A woman who smokes, even occasionally, should stop smoking if she has cervical dysplasia.

Women with dysplasia who continue to smoke are not only more likely to develop recurrent cervical dysplasia despite adequate treatment, but also have an increased risk of developing dysplasia or cancer at other sites, including the vagina, vulva, lung, stomach, etc.

How is cervical dysplasia treated?

There are numerous treatment modalities for cervical dysplasia.

Factors influencing the choice of treatment include the extent and severity of the dysplasia, the woman’s age, her desire for future pregnancies, and the possible presence of other gynaecological problems.

The most common methods for treating cervical dysplasia are laser, LEEP, and surgical conization.

The aim of cervical dysplasia treatment, whether medical or surgical, is to remove the lesion and thus stop the cancer from developing.

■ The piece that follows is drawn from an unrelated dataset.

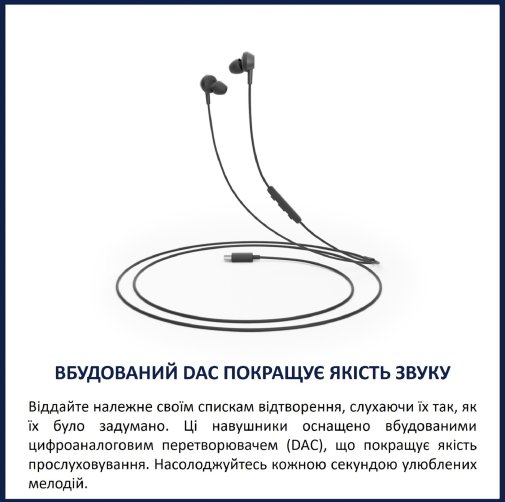 Завдяки потужним 10-мм динамікам навушники видають насичені баси, які додають драйву будь-якій музиці, від електроніки до хіп-хопу. Звук залишається чітким і збалансованим незалежно від жанру, а вбудований цифроаналоговий перетворювач (DAC) додатково покращує якість прослуховування, роблячи деталі більш виразними та природними. Частотний діапазон від 20 до 20 000 Гц забезпечує повне охоплення всіх необхідних тонів.

Regardless of the treatment carried out, however, there is a possibility that the dysplasia may recur, i.e. that it may recur.

Usually, a recurrence is not a serious problem if it is discovered and treated early; however, it can develop into cancer, as can the primary lesion, if left untreated.

It is therefore essential to have regular check-ups (colposcopy) every 3 months during the first year after treatment, every 6 months the following year, and then once a year.

Treatment

Laser. The Carbonic Acid Laser uses a small infrared light beam to vaporise (destroy by turning into vapour) abnormal cells.

The laser beam is invisible to the human eye and is focused by the colposcope lens on a tiny dot (0.1-2 millimetres).

It is a very accurate technique as the area and depth of action of the laser beam can be controlled very precisely.

In fact, more than 90% of patients recover with a single treatment.

Numerous studies have shown that this method has no negative effect on fertility or pregnancy mechanisms.

It is a simple and painless method, which is performed under local anaesthesia.

Patients are usually given a painkiller in the 30 minutes preceding the treatment in order to inhibit any menstrual cramps following the treatment.

Bleeding, which is bothersome but rarely serious, may also appear occasionally.

LEEP (Loop Electrosurgical Excision Procedure).

LEEP means Loop Electrosurgical Excision Procedure.

A small, electrically charged loop is used to remove the dysplasia.

This technique is advantageous as it is performed quickly and provides a cone or cylinder sample that can later be analysed in the pathology laboratory.

It is also particularly useful for dysplasia extending to the endocervical canal.

It is performed under local anaesthesia.

Postoperative symptoms include menstrual-like cramps and generally contained bleeding.

Conisation (cone biopsy). Conisation is a surgical procedure by which a cone-shaped portion of the cervix is removed.

It is performed as an in-patient in a day-hospital setting and can be performed using a laser (laser coning), a scalpel (cold blade coning) or a macro-needle electrode and can be combined with a D&C (dilatation and curettage) to evaluate the higher cells in the uterus.

A coning may have diagnostic and/or therapeutic purposes: a cone performed for diagnostic purposes may, in some cases, simultaneously resolve the problem by completely removing the lesion that may be present on the biopsy tissue.

Conisation may sometimes be selected as the treatment of choice for dysplasia, especially if it significantly involves the cervical canal.